At the line containing "OFFLINE By Aerie", begin an exact copy of the lines below and continue through the final one, with no pictures.

┌─ SUPPLIED RECORDS

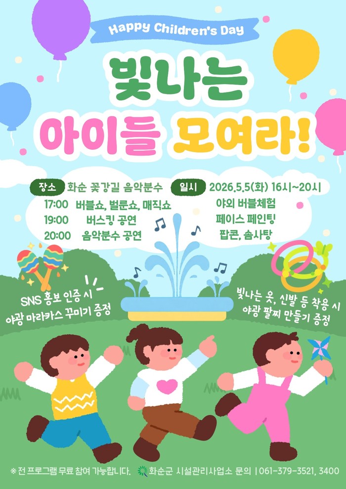 윤재관 홍보소통담당관은 “어린이날을 맞아 아이들이 마음껏 뛰놀고 웃을 수 있는 하루가 되길 바란다”라며, “어린이날 축제에 남녀노소 전 세대가 함께하길 기대한다”라고 밝혔다.
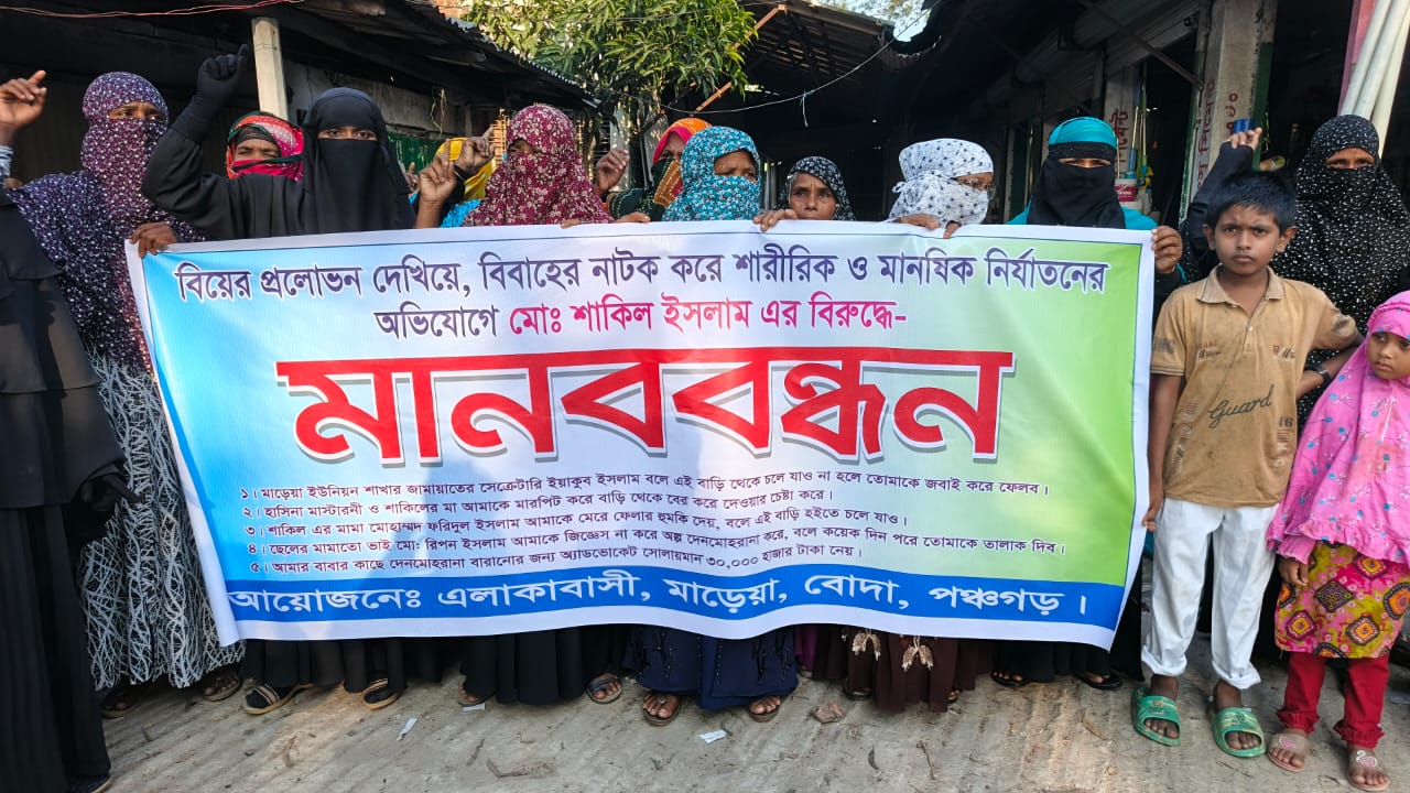 বিয়ের নাটক করে ভূয়া বিয়ের মাধ্যমে এক মাদ্রাসা ছাত্রীকে শারীরিক ও মানসিক নির্যাতনের প্রতিবাদে মানববন্ধন ও বিক্ষোভ করেছে এলাকাবাসী। মঙ্গলবার সন্ধ্যায় পঞ্চগড়ের বোদা উপজেলার মাড়েয়া বাজারে মাড়েয়া এলাকাবাসীর ব্যানারে এ মানববন্ধন অনুষ্ঠিত হয়।
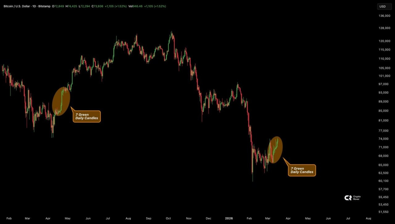 BTC has just closed 7 consecutive green daily candles — the last time this happened was after Trump delayed tariffs in April 2025.
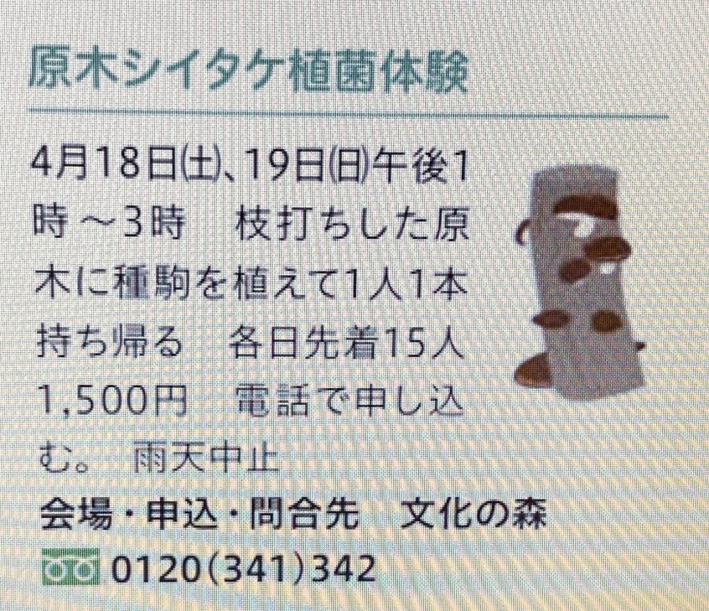 いただき、その原木1本をお持ち帰りいただき自宅で育てていただくイベントです。
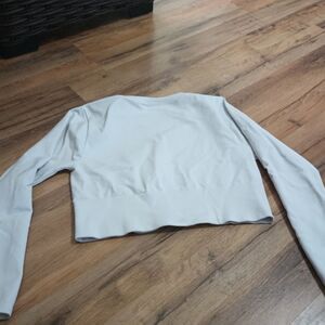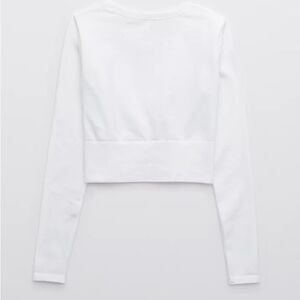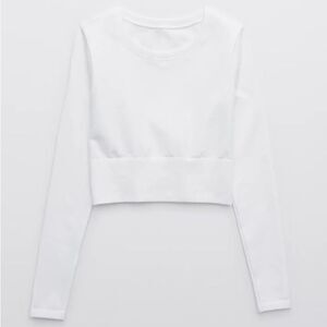 OFFLINE By Aerie White Sidewalk Seamless Long Sleeve Cropped T-Shirt Color: White Size: Large The Details • THE LOOK: Smooth & sleek with a little support. Long sleeve. • THE FEEL: Soft to the touch. Wide bottom band for support. • THE MOVES: Morning runs and running errands. • Accessibility deets: seamless tagless label to minimize irritation & maximize comfort! •Style: 2162-2510 | Color: 100 Materials & Care: • 93% Nylon, 7% Elastane • Machine wash • Imported Size & Fit • THE FIT: Fitted. Cropped. •See last photo for measurement details. **Pre-owned. Not as bright of white anymore (could be bleached however). Other than that this top is in good pre-owned condition.**
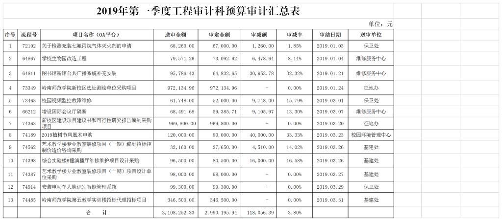 【20190404】2019年第一季度工程审计科预算审计汇总表.xls

└─

**YOUR SOLUTION:**
 OFFLINE By Aerie White Sidewalk Seamless Long Sleeve Cropped T-Shirt Color: White Size: Large The Details • THE LOOK: Smooth & sleek with a little support. Long sleeve. • THE FEEL: Soft to the touch. Wide bottom band for support. • THE MOVES: Morning runs and running errands. • Accessibility deets: seamless tagless label to minimize irritation & maximize comfort! •Style: 2162-2510 | Color: 100 Materials & Care: • 93% Nylon, 7% Elastane • Machine wash • Imported Size & Fit • THE FIT: Fitted. Cropped. •See last photo for measurement details. **Pre-owned. Not as bright of white anymore (could be bleached however). Other than that this top is in good pre-owned condition.**
 【20190404】2019年第一季度工程审计科预算审计汇总表.xls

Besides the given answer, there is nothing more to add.